Faculty/Parent Book Club Read: The Gift of Failure

Whether or not you had a chance to read The Gift of FailureHow the Best Parents Learn to Let Go So Their Children Can Succeed by Jessica Lahey (the faculty/parent read for 2015-16), or to participate in the bookclub-style talk with the author on April 7, Canterbury Parents’ Page wants to share a few highlights from the book. It’s great that our school offers opportunities for the parent community to ponder topics and share and discuss ideas, especially in collaboration with teachers. In the interest of encouraging ongoing conversation about parenting approaches and our journey as parents and educators, we’re happy to give you a bulleted overview of some of the book’s most important points and topics.

For starters, you might want to check out what Middle School Director David Skeen says about the book on his blog. Look for three posts from last fall, which serve as reflections on his early reading of the book.

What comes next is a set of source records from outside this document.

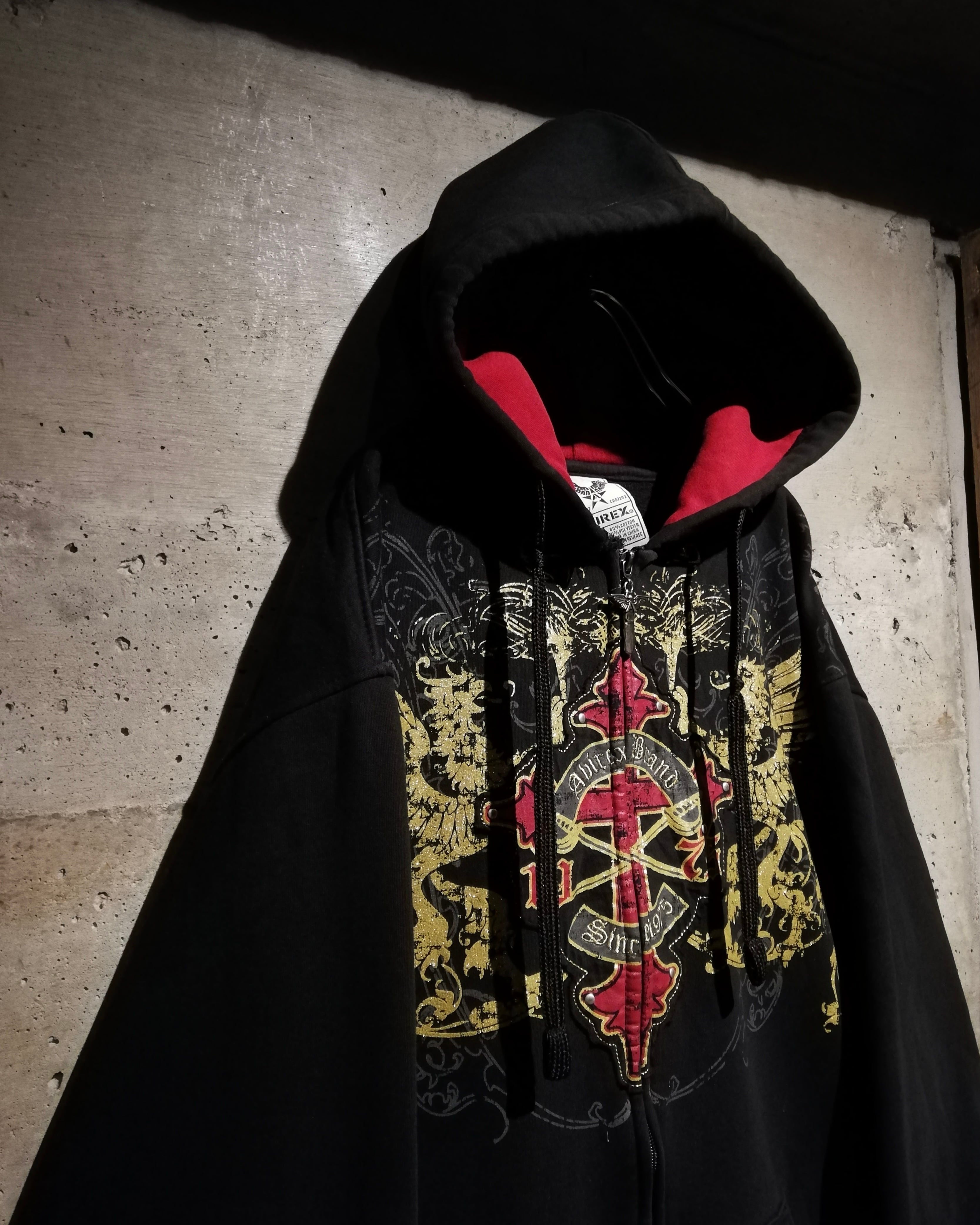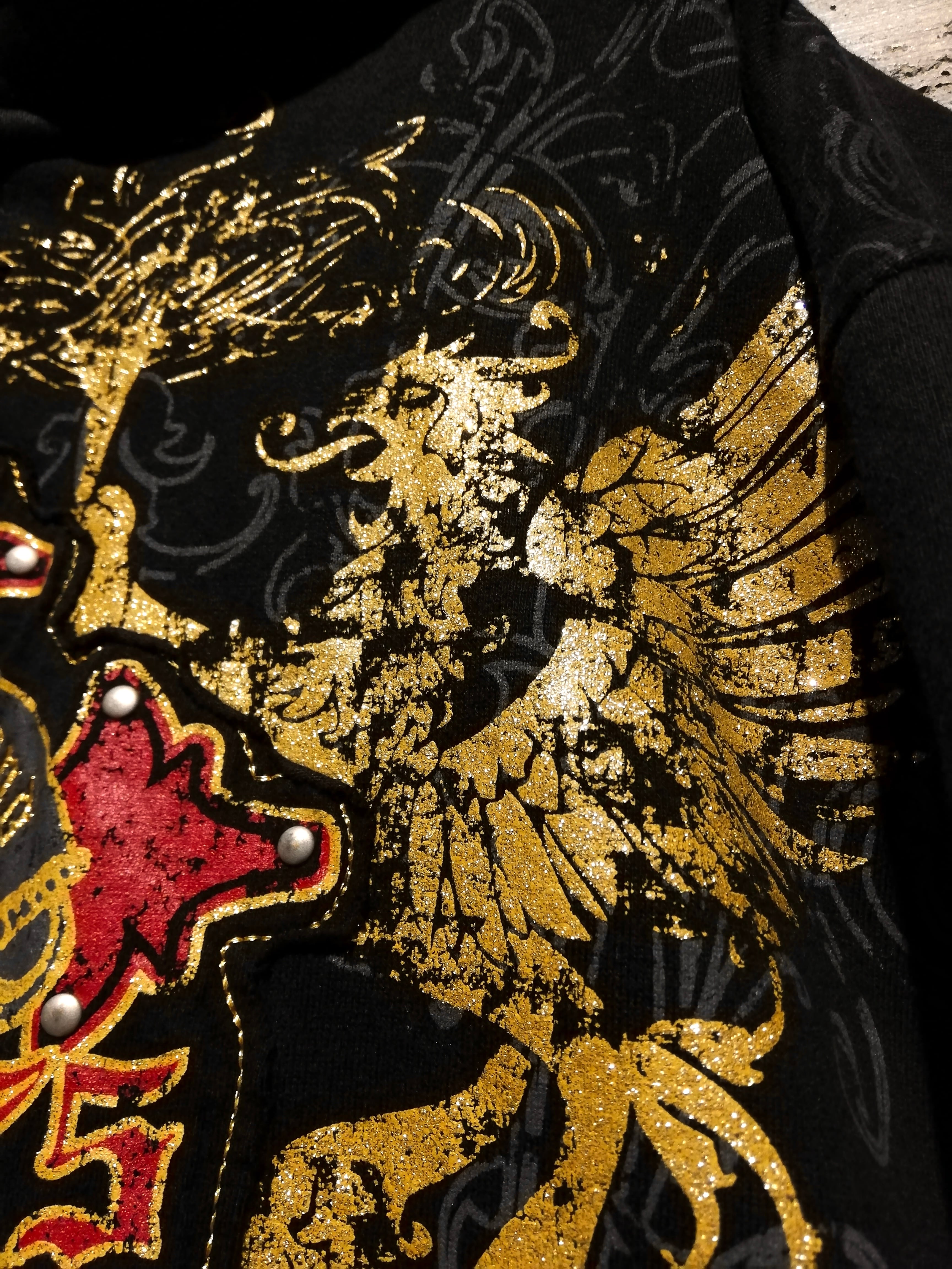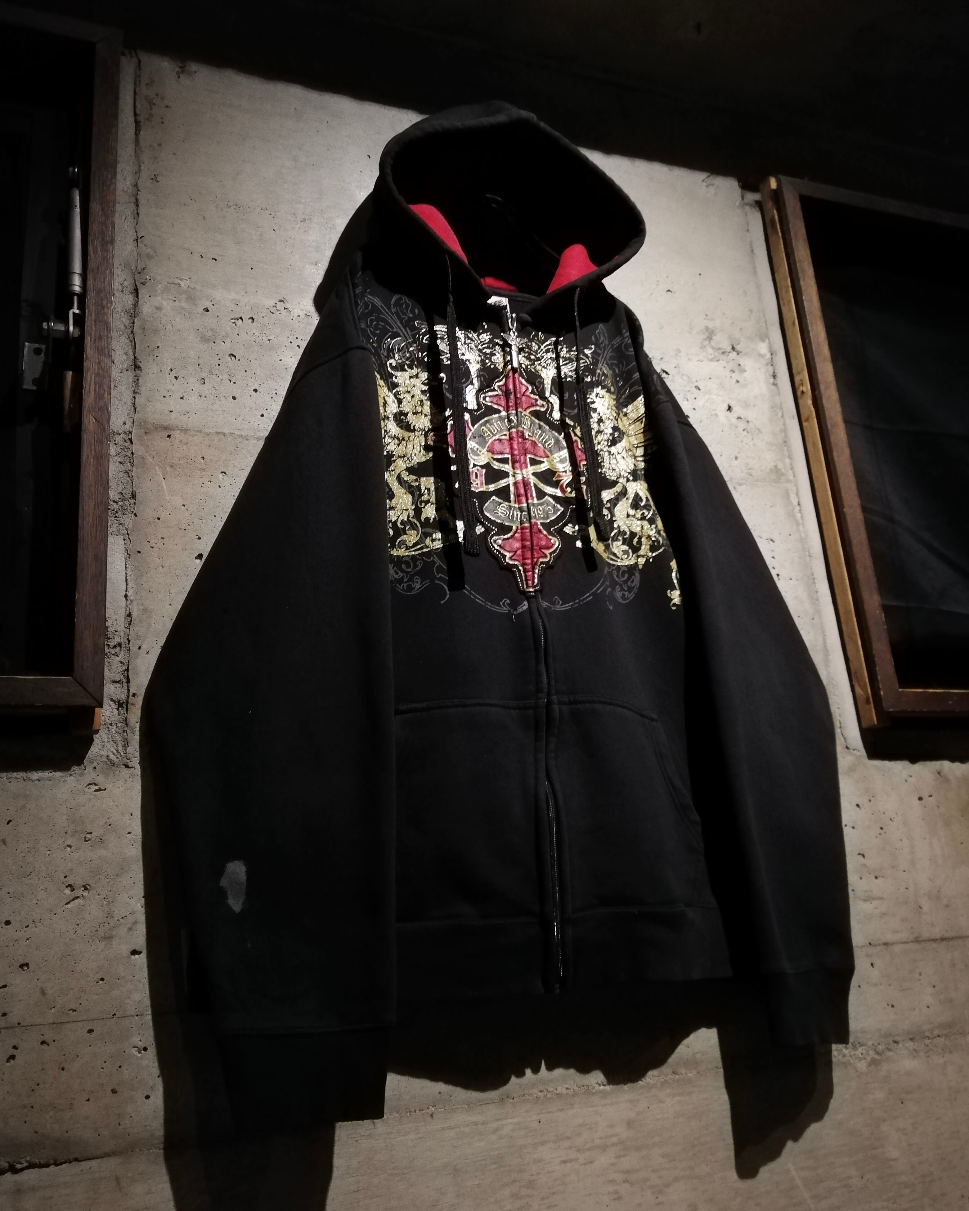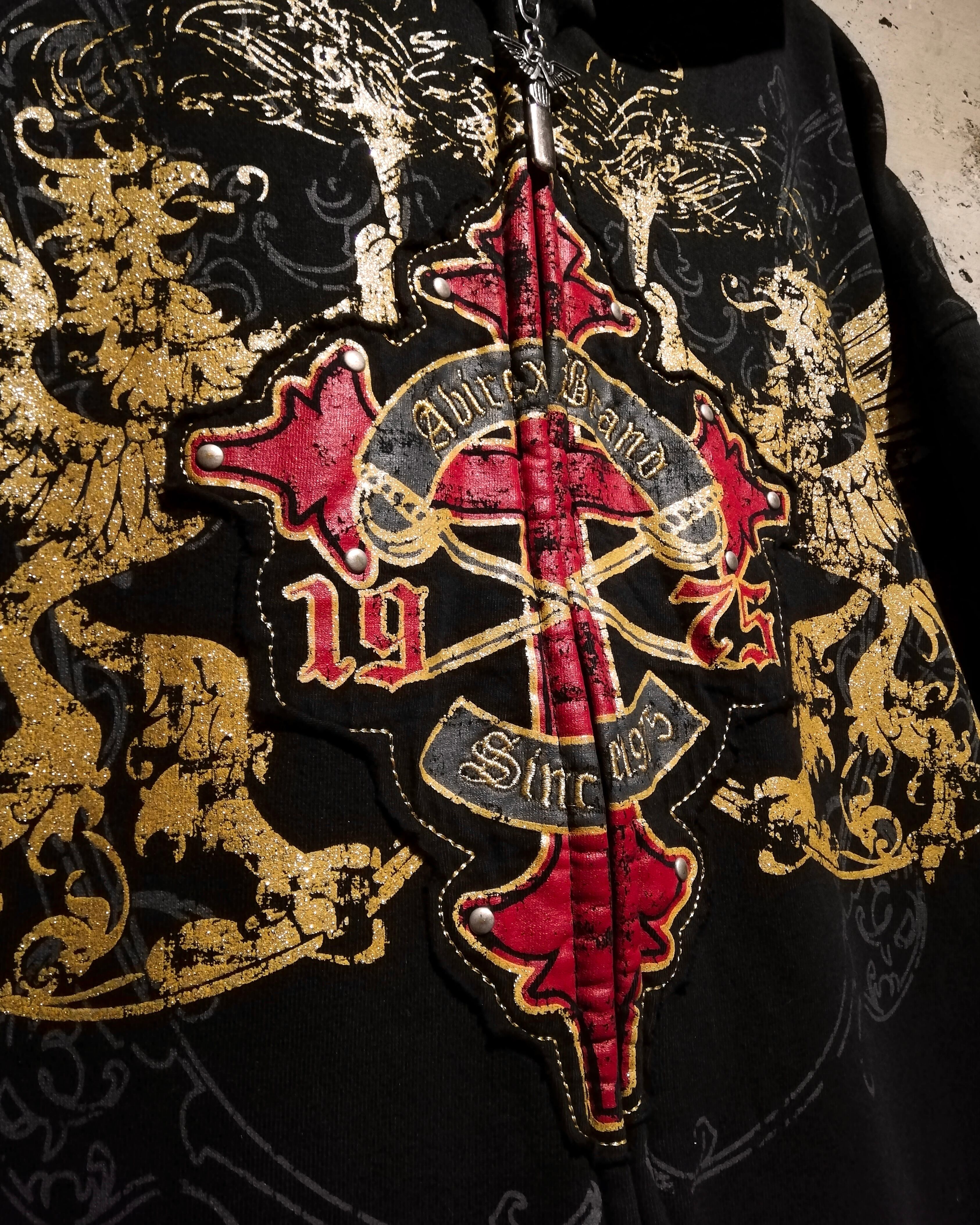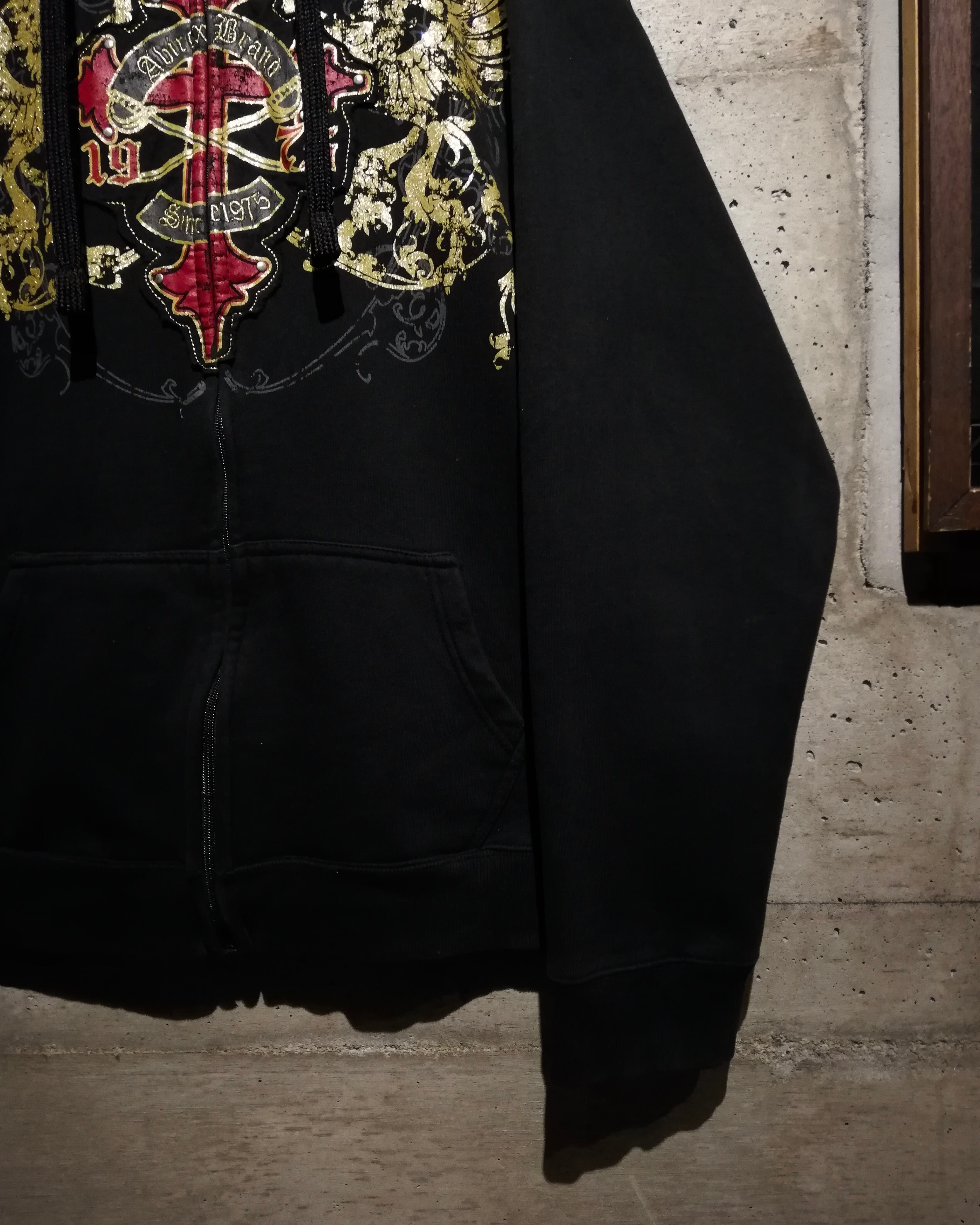 深みのあるブラックのボディをベースに、フロントにはクロスのパッチ、ラメプリントによってグリフォン、パッチには刺繍やスタッズを打ち込んだ、当店らしいbling-blingなデザインを載せたジップフーディー。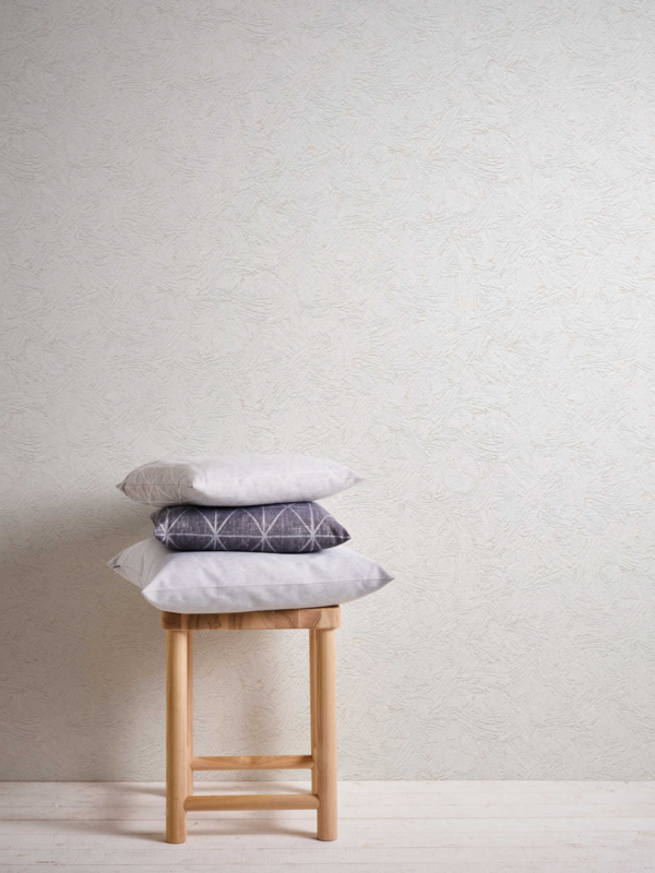 Wit behang met dikke relief vleugje creme erin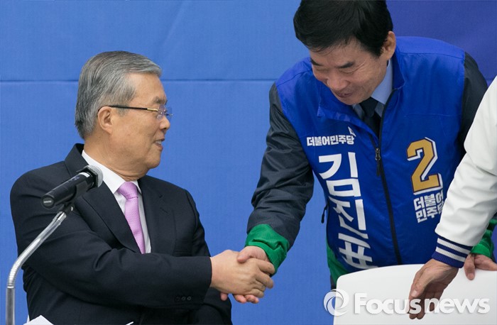 (수원=포커스뉴스) 30일 오전 수원 팔달구 경기도의회에서 열린 더불어민주당 경제살리기 경기 국회의원 후보자 연석회의에 참석한 김종인(왼쪽) 비대위 대표 겸 선대위원장과 김진표 부위원장이 인사하고 있다.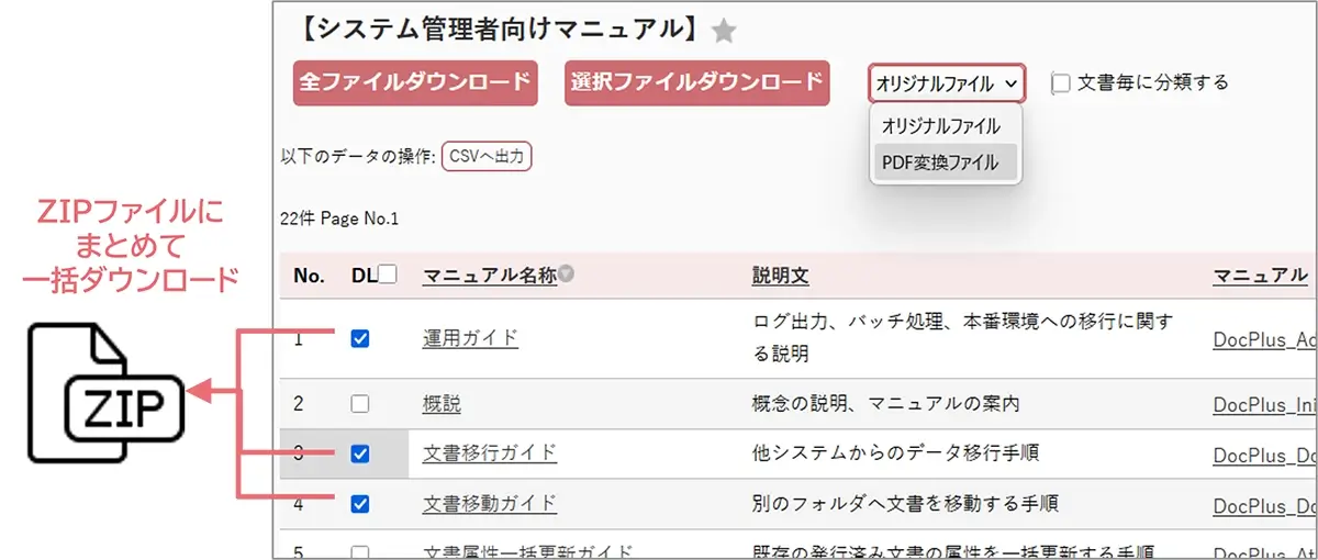 一括ダウンロードするファイルは、オリジナルファイルもしくはシステムで自動変換したPDFファイルから選択できます。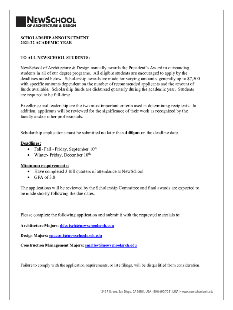 SCHOLARSHIP ANNOUNCEMENT 202122 ACADEMIC YEAR TO ALL SCHOOL STUDENTS:School of Architecture & Design annually awards the Presidents Award to outstanding students in all of our degree programs. All
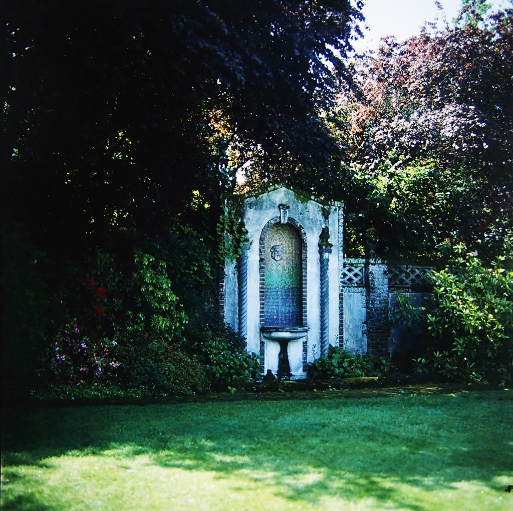 Hoge garden with fountain. {Vegetation - Structure}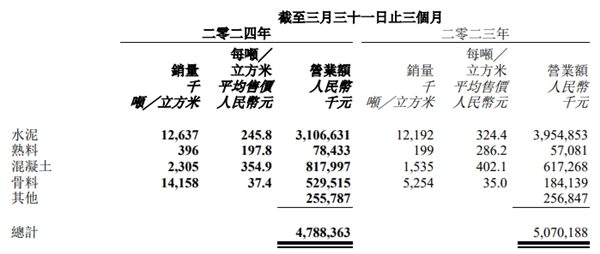 季度報顯示,一季度水泥、熟料、混凝土及骨料的毛利率分別為11.3%、2.3%、13%及35.3%,綜合毛利率為13.8%,同比上升1.8%,主要原因為骨料銷量同比上升。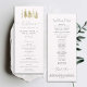 Alguns esboços de árvores de inverno empunhados com estrelas (Natal, ou simplesmente feriados), colados digitalmente com ouro, decoram este elegante, preto e branco e ouro, um programa simples, clássico e moderno de cerimônia de casamento que é perfeito para um casamento no inverno, perto ou no Natal ou em qualquer momento durante as férias. Apresenta caligrafia moderna e elegante com amplos florescimentos. Luxuoso, mas simples, clássico, mas chique, moderno, mas eterno. Uma escolha encantadora para um casal se casar nos frios meses de novembro, dezembro e janeiro e que gosta da estética da arte negra e branca para a papelaria do casamento, preto e branco e folha de papel, elegância botânica e árvores de inverno.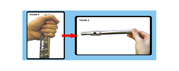 3. В одной руке на ладони держите колено флейты, возьмите также корпус флейты вокруг раструба головки.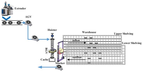 This case is an automatic tire tread handling system from an actual factory manufacturing line in China. As Figure 5 shows, the system consists of an extruder, an AGV, an automated storage and retrieval system (ASRS, which includes a hoister, an RGV, a stacker, and a large warehouse). The tire tread handling process is as follows: (1) the tire tread is extruded at the extruder and loaded onto the pallet; (2) after the pallet is fully loaded, it will be sent to the AGV point where it waits in line to be transported by the AGV; (3) when the AGV is available, it will carry the pallet to the entrance of the ASRS and then return for the next delivery; (4) in the ASRS, the pallet waits for the hoister to lift it up and load it onto the RGV if the RGV is available; (5) the RGV then transports the pallet to the stacker point; (6) when the stacker is available, it takes the pallet of tire treads to the designated storage unit and carries a pallet of tire treads out to the next process.
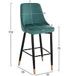 Елегантен бар стол, изработен с текстилна дамаска тип кадифе, красива облегалка с декоративни копчета и метални крака в черно със златисти детайли.

  • While it may seem counterintuitive, the theme of the book is that it is often the failures during students’ middle school years that prepare them best for the rigors and higher stakes of high school and beyond.
  • The book is the author’s own parenting approach, which she offers to help us better understand the journey to raising self-sufficient children. The book also includes a history of parenting in America from colonization through the present day in a manageable and entertaining 14-page first chapter.
  • In our campus discussion, Lahey began by sharing several relevant anecdotal stories mined from her experience as a teacher and a mother. 
  • Lahey outlines the progression from parenting as a matter of survival to the helicopter/interventionist approach of today, summarizes an argument against overparenting — a topic that is of interest to many parents today. 
  • Lahey also speaks and writes about intrinsic motivation, which she refers as “the holy grail of parenting”). She believes that we can get our children intrinsically motivated by fostering the following:
    •  Autonomy. The children of autonomy supporting parents know that their parents are there and will support them, but are empowered to do things for themselves. By contrast, directive parents (we often refer to them as helicopter parents) raise children who are paralyzed from making choices for their own lives.
    •  Competence. This is different from confidence. Competence is confidence based on experience. Essentially, our children don’t need our empty praise, Lahey argues. She references Carol Dweck, who writes about the “growth mindset.” In Lahey’s opinion, all labels (i.e- special needs, gifted, talented) create a fixed mindset. We need to praise our children for their work and effort, not the end result.
    • Connection. This primarily refers to the connection between students and their parents and teachers, and secondarily the connection between students and the content. Here are some tips from Lahey with regard to connection:
      1. Don’t put “A” papers on the fridge! Doing this emphasizes the product over the process.
      2. Learning needs to be made relevant for kids. The stuff we learn best is the stuff we care about.
      3. Parenting is like the stock market: lots of ups and downs. As parents we need to let our kids find their answers. Lahey cites author Julie Lythcott-Haims: “Our job as parents is to put ourselves out of a job.”

While these are just a few brief notes, we hope you find them useful either as a review of what you read or heard at the book club discussion or as some insight into the book in general if you didn’t have a chance to check it out. As Lahey told the parents and faculty on April 7, if you take only one thing away from The Gift of Failure, it is to teach your children to advocate for themselves.